Des Weiteren möchte ich jedem noch einmal die Frettchenhilfen ans Herz legen. Jedes Jahr im Frühling wenden sich massenhaft Leute an Züchter, um sich dort Welpen zu holen. Seltsamerweise sitzen zur gleichen Zeit bzw. kurze Zeit später jede Menge Frettchen in den Hilfen und wünschen sich ein liebevolles zu Hause. Warum?

Man mag glauben, dass sich gerade Welpen leichter erziehen lassen oder sich mehr an einen gewöhnen. Aber das ist purer Schwachsinn.

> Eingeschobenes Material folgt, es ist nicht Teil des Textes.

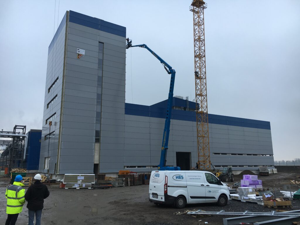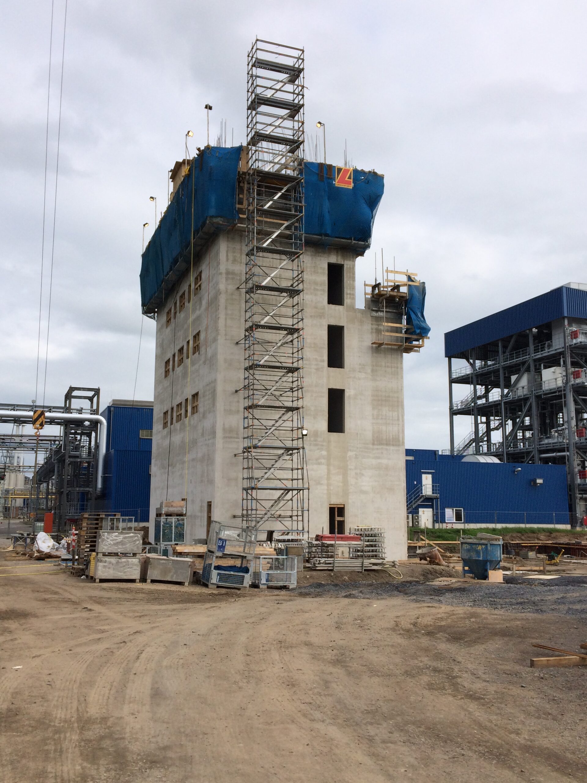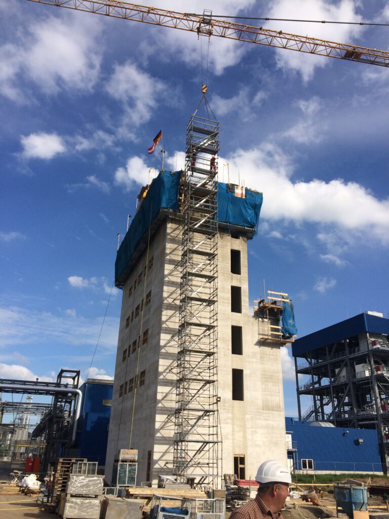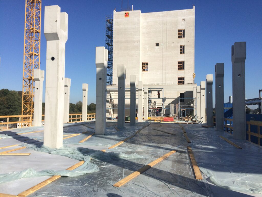 - Ausführung eines ca. 12 m hohen Produktionsgebäudes mit einer Attikahöhe von rund 14 m sowie Turmbauwerk mit ca. 30 m Höhe

Ich habe damals auch den „Fehler“ begannen, mir als Anfänger gleich Welpen zu holen. Nicht nur, dass ich die Bude neu einrichten durfte und alles noch sicherer machen musste, als es ohnehin schon war, ich musste auch fünf Augen in alle Richtungen haben. Da schmeißt der eine was vom Tisch während der andere in die Ecke macht… und dann kommt auch noch die erzieherischen Tätigkeiten hinzu. Wie fest darf man beißen, wo und was ist überhaupt das Klo, etc. Welpen können einen ganz schön auf Trapp halten…

 

Später kam ja Luna zu uns, mit knapp drei Jahren. Und, was soll ich sagen?! Sie erkannte sofort das Klo an, biss niemals und hätte mich nicht lieber haben können… ja, sie war einfach zuckersüß.  

 

 

Bevor du die anderen Seiten liest und dich für Frettchen entscheidest, überleg doch bitte noch mal ganz genau:

 

  • Kann ich den Tieren genügend Platz bieten? (min. 2qm Käfig + Auslauf)
  • Kann ich ihnen genügend Zeit bieten? (min. 2 Stunden täglich)
  • Kann ich die Tiere auch die nächsten acht bis zehn Jahre lang halten?
  • Hab ich genügend Geld für die Haltung inklusive hoher Tierarztrechnungen?
  • Sind alle in der Familie einverstanden? Mensch und Tier?
  • Habe ich eine schriftliche Haltegenehmigung vom Vermieter, bzw. kann ich mir eine solche besorgen – vorher nachfragen!
  • Gibt es in der Nähe einen frettchenerfahrenen Tierarzt?
  • Was mache ich, wenn ich in Urlaub fahre?
  • Habe ich mir das wirklich gut überlegt und will ich diese Tiere nicht einfach deswegen, weil ich ein (besonderes) Haustier haben will?